The gift this Influencer In Aging hopes we'll receive

By Tobey Dichter

Editor’s note: This article is part of Next Avenue’s 2015 Influencers in Aging project honoring 50 people changing how we age and think about aging. Here, Tobey Dichter, one of the Influencers, blogs about the future she'd like to see for aging in America.

Fantasy…or future?

If I could change the world, it would look like this someday….

On a crisp November morning, an 82-year old man opens his front door, stretches and walks down to the corner where he knows the 10-year-old boy will give him the large-type newspaper. It’s costly because the students have printed the edition off the Internet that morning, but the man prefers a real paper with his coffee and the library’s teen center has a printer that converts screens into tabloids on newsprint. Worth every cent he pays, he thinks.

Teaching History From Their Own Lives

At 10, the van comes by and picks up the man for work. He’s off to the school a mile away, where today he will hold a discussion about the 1968 convention in Chicago. He was 20 back then, and vividly remembers the chaos. It’s an appropriate topic for this election year.

He and the students create a video montage about presidential conventions with original narration from songs and footage they retrieve on the Internet. It’s a skill he's learning and the kids love helping him. They know that they learn more from his first-person account than from any syllabus.

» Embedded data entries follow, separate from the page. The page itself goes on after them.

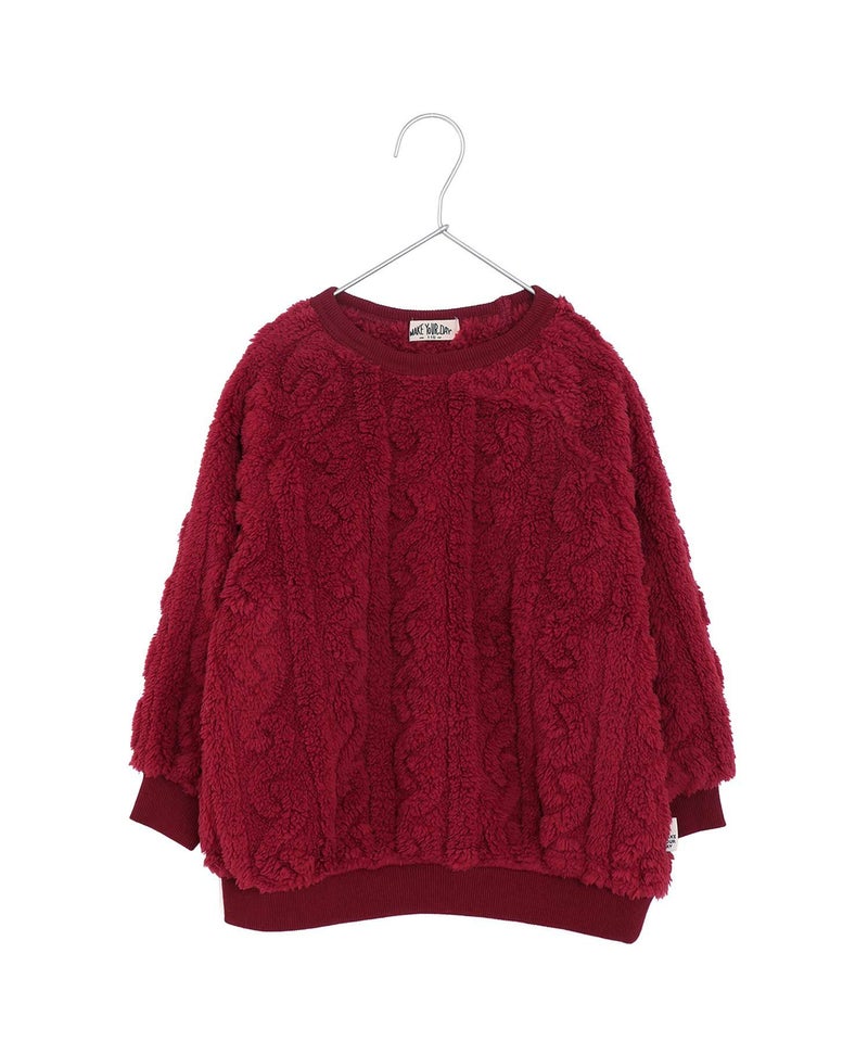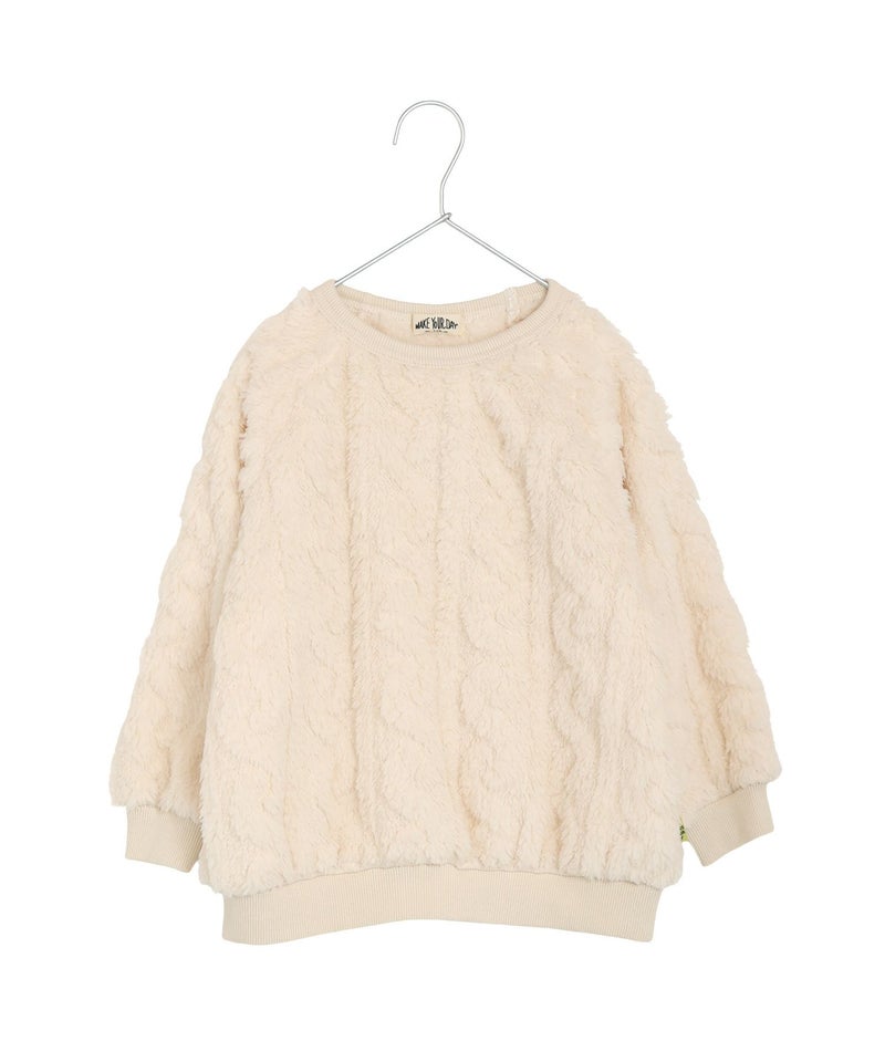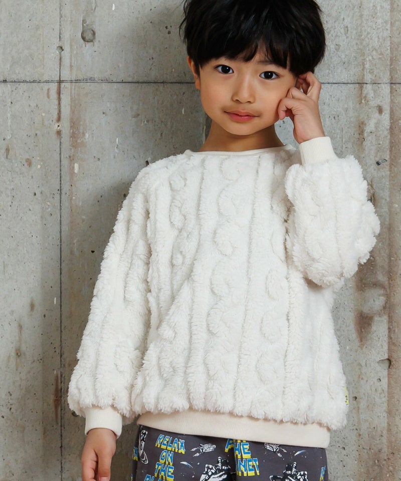 なわ編み模様が浮き出るボアを使用したプルオーバー。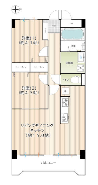 - LDK(約15帖)・洋室1(約4.1帖)・洋室2(約4.5帖)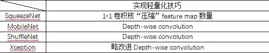 在此列出表格,对比四种网络是如何达到网络轻量化的。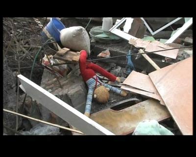 馮小寧:我下來的時候就不是為了拍一個電影而下來,現(xiàn)在到了北川以后,我有這么多天以后,我有更強烈的一個感受,我不拍,我不會拍,我可以寫,我手中有第一手的資料,我也有拍攝這種災(zāi)難大片的超常的本事,我無法去用電影的真實再營造那種災(zāi)難,摧毀我們那么多生命的這種過程,這是我從良心深處不愿意做的事情。因為我可以營造一切故事、氣氛,這么多真實的東西都是最感人的素材,但是有一點我做不到,就是我無法去營造地震的瞬間,那么多活生生的生命,那種慘狀,我不能再現(xiàn)它,我受不了。我設(shè)想我們做電影的可以重現(xiàn)那些東西,孩子們從教室中向外奔跑,最后塌下來,把他們壓倒,做不到。而且我在災(zāi)民之中,我深知如果這些電影再讓他們看見的時候,是對他們多么強大的一種人性上的摧殘,對所有活著的那些上百萬的四川災(zāi)民。就在給我開車的那個司機(jī)朋友,實際上他也是個干部,他就說到,他的夫人,其實大家在電視中就知道,就是剛出生三個月的嬰兒,他愛人都一起被砸在里邊,然后他說太感動了,母愛的偉大,自己在里頭三四天,才被救出來,自己都生命都不保,但是還喂嬰兒,喂她的孩子,我覺得他們才真讓我們覺得驚訝,就是一個普通的朋友,為我們開車,他的故事就可以說驚動全世界。他們有句話,說我們北川幾萬個家庭,每一個家庭都是驚心動魄的故事。坐在車后頭坐的一個工程師,他一家人都沒了,就剩他孤身一個,因為什么?正好他那天出差,到旁邊的一個縣去出差,回來以后都沒了。第二天我們?nèi)ケ贝ǖ膹U墟那兒拍攝的時候,他們就去,他說他的兒子開出租,那天正好在停車場那兒,出租車都停在那兒,地震發(fā)生以后,這些人就失蹤了,因為被一座山給埋了,整個山上的巨石,十米直徑的那種大巨石成群地滾下來,沒了。所以他走到那兒的時候他就說你看,我兒子就在這里頭,正好他們在那兒翻,翻到一個被砸碎的,車都砸得亂七八糟的,碎末,他從一個碎石縫里頭翻出,我看前保險杠,我拍下來了,他撿起了一個車牌,他說正好這個車牌就是我兒子的,后來大家就往前走,我就說了一句,我說你還是把它收起來吧,這是你孩子唯一的東西,因為家都沒了,孩子唯一的一個紀(jì)念物,他就把它收起來,拿一個塑料袋兜起來。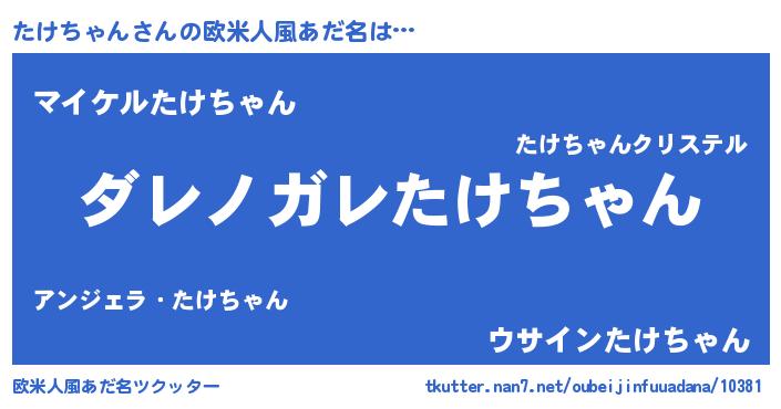 | 男性向けラノベタイトル風あだ名 | 『この素晴らしい世界にたけちゃんを!』 |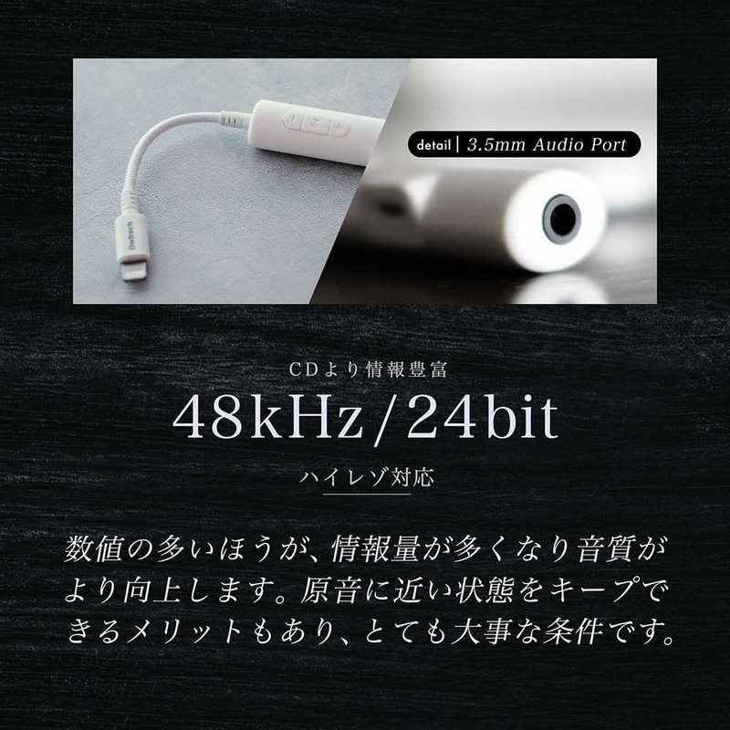 - Equipped with DAC and supports 48 kHz/24 bit high resolutions: DAC stands for Digital to Analog Converter, which converts digital signals to analog signals. DAC inside the adapter minimizes signal degradation and ensures signal transmission with less noise and high sound quality. It is also compatible with high resolution 48 kHz/24 bit, so you can easily reproduce high-quality sound quality. The playback device, earphone, and file format must be high-resolution compatible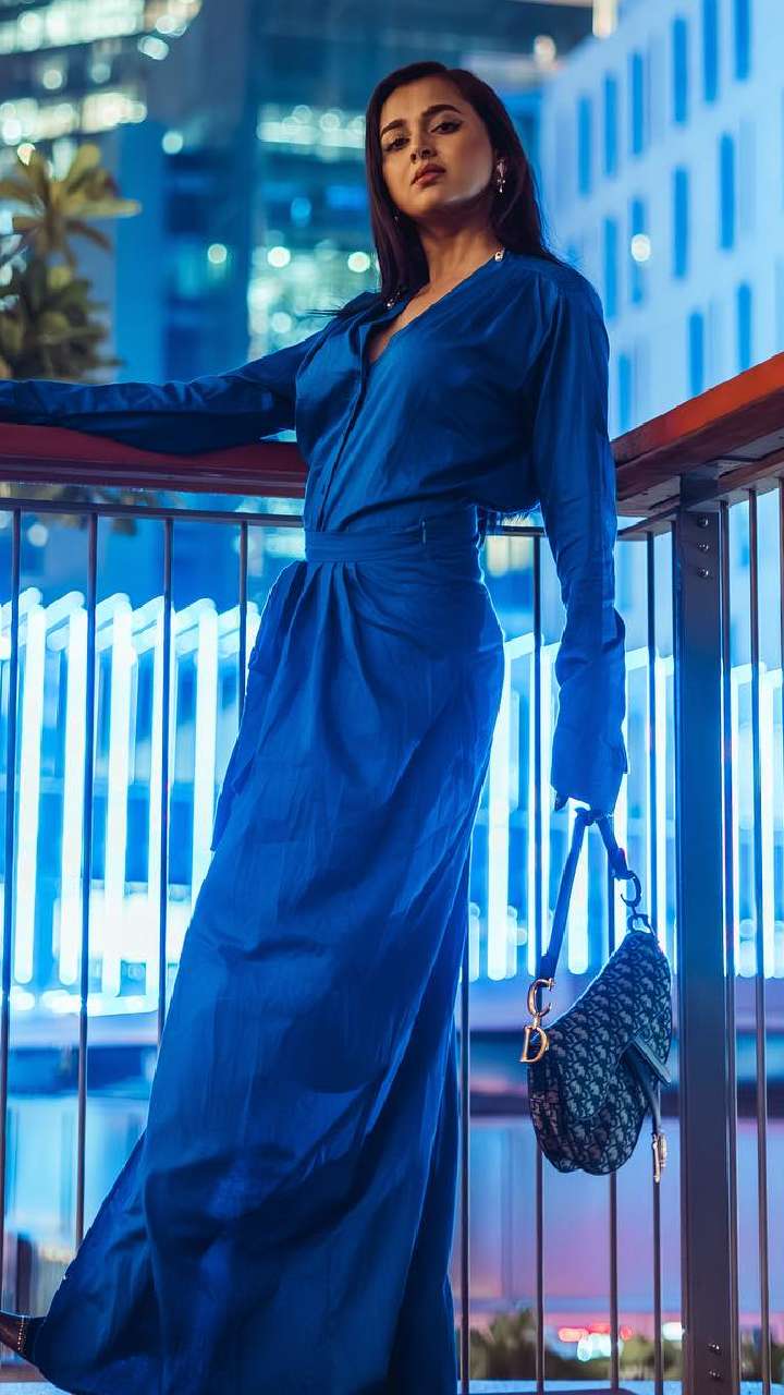 तेजस्वी ने इंस्टाग्राम पर ब्लू गाउन में अपना लेटेस्ट गॉर्जियस लुक शेयर किया है। इसके साथ एक्ट्रेस ने मैचिंग बैग भी कैरी किया है।

Hello, It's the Knowledge Broker

Meanwhile, the van has driven on and brought his neighbor to her job at the Knowledge Broker Office. Resembling a small, friendly call center, the office’s webcams and large screens enable these elder workers to log on and share their expertise with callers asking for advice and guidance on everything from algebra homework to relationships to tax preparation to needlepoint.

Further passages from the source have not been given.